_AVAILABLE DATA_.
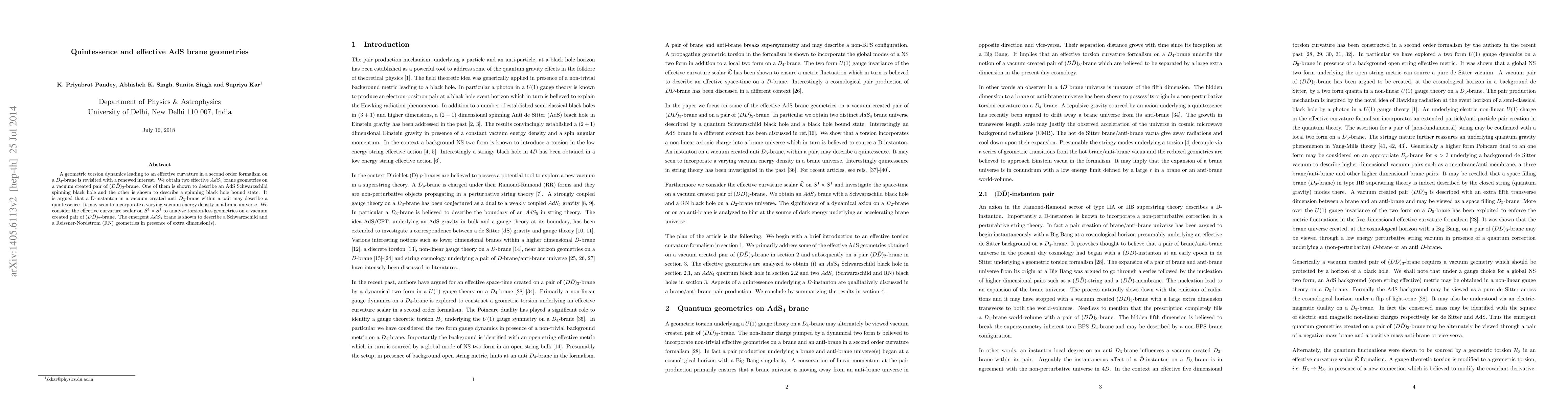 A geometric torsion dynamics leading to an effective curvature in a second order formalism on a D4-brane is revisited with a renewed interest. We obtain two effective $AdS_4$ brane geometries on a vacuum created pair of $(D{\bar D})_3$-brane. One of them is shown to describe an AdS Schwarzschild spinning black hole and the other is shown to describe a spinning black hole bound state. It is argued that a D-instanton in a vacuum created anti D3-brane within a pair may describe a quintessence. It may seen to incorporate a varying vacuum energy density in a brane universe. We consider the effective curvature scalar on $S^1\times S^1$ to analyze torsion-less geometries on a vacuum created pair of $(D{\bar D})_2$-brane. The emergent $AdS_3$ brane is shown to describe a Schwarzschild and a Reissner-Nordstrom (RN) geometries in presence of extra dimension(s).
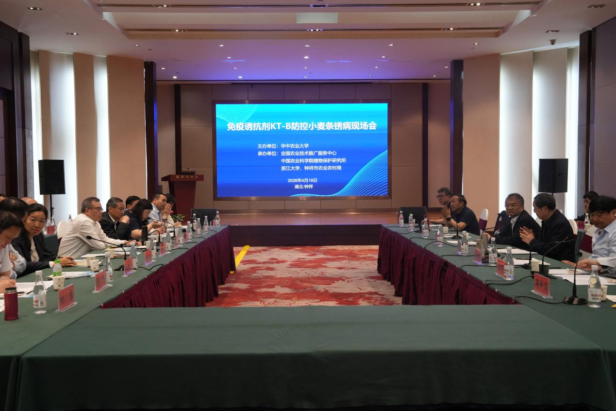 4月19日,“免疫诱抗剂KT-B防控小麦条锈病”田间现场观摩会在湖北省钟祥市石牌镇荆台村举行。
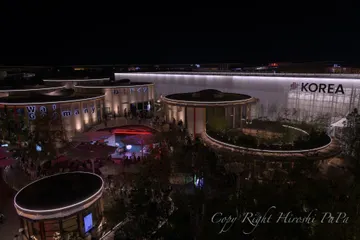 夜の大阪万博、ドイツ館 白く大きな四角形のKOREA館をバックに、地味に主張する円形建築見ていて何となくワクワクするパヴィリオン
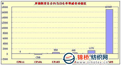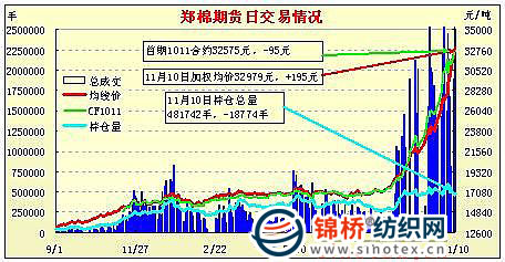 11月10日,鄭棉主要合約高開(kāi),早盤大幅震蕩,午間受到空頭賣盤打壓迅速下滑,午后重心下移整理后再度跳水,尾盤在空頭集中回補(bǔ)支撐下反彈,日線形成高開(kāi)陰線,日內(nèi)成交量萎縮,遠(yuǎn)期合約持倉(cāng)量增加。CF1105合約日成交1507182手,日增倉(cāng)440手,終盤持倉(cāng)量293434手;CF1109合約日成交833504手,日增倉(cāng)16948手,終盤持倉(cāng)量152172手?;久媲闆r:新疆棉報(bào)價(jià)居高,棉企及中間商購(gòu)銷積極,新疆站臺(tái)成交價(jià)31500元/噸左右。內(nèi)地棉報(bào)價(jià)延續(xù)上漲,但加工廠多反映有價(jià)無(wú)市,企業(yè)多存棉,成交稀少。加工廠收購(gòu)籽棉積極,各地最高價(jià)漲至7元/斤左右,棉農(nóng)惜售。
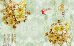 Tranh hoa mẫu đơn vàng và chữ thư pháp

--

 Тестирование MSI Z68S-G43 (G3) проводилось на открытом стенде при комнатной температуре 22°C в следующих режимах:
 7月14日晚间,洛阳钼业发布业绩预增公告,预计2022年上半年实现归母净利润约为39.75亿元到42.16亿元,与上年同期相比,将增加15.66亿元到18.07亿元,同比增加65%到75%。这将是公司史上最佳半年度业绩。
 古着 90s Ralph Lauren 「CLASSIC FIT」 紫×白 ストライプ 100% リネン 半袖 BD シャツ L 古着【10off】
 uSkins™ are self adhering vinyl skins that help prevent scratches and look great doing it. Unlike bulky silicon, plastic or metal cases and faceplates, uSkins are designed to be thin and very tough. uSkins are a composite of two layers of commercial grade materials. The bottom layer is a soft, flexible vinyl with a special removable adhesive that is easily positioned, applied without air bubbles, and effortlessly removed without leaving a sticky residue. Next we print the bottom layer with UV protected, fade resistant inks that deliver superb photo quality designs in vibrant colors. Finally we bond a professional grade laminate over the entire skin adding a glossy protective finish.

--

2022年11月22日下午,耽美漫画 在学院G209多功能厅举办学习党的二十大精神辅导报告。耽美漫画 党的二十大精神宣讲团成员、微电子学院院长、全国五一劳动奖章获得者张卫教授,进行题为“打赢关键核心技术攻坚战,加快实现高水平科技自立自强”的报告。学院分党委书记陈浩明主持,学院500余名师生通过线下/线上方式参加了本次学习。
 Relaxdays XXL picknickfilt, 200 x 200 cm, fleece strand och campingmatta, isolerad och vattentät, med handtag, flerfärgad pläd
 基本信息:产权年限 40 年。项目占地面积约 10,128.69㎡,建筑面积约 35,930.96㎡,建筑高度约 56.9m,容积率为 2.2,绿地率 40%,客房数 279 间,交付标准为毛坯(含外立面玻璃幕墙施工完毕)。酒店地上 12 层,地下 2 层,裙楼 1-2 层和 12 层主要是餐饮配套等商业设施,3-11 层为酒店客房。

_TASK TO CARRY OUT_. Leaving pictures out, output the lines of the data above from the one with "A geometric torsion" through the one with "夜の大阪万博、ドイツ館 白く", word for word.

_COMPLETED EXERCISE_.
 A geometric torsion dynamics leading to an effective curvature in a second order formalism on a D4-brane is revisited with a renewed interest. We obtain two effective $AdS_4$ brane geometries on a vacuum created pair of $(D{\bar D})_3$-brane. One of them is shown to describe an AdS Schwarzschild spinning black hole and the other is shown to describe a spinning black hole bound state. It is argued that a D-instanton in a vacuum created anti D3-brane within a pair may describe a quintessence. It may seen to incorporate a varying vacuum energy density in a brane universe. We consider the effective curvature scalar on $S^1\times S^1$ to analyze torsion-less geometries on a vacuum created pair of $(D{\bar D})_2$-brane. The emergent $AdS_3$ brane is shown to describe a Schwarzschild and a Reissner-Nordstrom (RN) geometries in presence of extra dimension(s).
 4月19日,“免疫诱抗剂KT-B防控小麦条锈病”田间现场观摩会在湖北省钟祥市石牌镇荆台村举行。
 夜の大阪万博、ドイツ館 白く大きな四角形のKOREA館をバックに、地味に主張する円形建築見ていて何となくワクワクするパヴィリオン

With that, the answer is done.